- **To do**
Beneath this instruction is a block of data; output from it exactly the lines that run from the one containing "В самой известной" through the one containing "Čtyřdílný rohový sprchový", inclusive.

- **Data for analysis**
______________________________

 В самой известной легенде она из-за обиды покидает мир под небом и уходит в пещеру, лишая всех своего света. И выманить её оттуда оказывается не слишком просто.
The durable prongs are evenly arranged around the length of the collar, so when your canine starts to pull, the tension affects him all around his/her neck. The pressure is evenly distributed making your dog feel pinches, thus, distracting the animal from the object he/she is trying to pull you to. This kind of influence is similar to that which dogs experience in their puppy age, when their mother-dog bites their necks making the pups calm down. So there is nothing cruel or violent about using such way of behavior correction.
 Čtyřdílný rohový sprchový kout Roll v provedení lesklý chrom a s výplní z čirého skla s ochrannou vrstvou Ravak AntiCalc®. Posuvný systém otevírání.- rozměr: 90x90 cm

______________________________

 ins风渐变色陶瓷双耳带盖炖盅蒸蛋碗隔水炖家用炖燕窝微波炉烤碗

______________________________

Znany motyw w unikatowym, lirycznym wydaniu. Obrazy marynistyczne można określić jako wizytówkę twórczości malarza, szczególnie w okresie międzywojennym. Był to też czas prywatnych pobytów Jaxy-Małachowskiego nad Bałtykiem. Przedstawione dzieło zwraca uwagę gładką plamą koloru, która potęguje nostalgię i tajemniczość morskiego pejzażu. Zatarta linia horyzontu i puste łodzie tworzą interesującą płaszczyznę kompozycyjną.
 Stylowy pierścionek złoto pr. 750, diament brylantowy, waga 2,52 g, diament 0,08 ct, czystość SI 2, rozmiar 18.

______________________________

- **The answer**
 В самой известной легенде она из-за обиды покидает мир под небом и уходит в пещеру, лишая всех своего света. И выманить её оттуда оказывается не слишком просто.
The durable prongs are evenly arranged around the length of the collar, so when your canine starts to pull, the tension affects him all around his/her neck. The pressure is evenly distributed making your dog feel pinches, thus, distracting the animal from the object he/she is trying to pull you to. This kind of influence is similar to that which dogs experience in their puppy age, when their mother-dog bites their necks making the pups calm down. So there is nothing cruel or violent about using such way of behavior correction.
 Čtyřdílný rohový sprchový kout Roll v provedení lesklý chrom a s výplní z čirého skla s ochrannou vrstvou Ravak AntiCalc®. Posuvný systém otevírání.- rozměr: 90x90 cm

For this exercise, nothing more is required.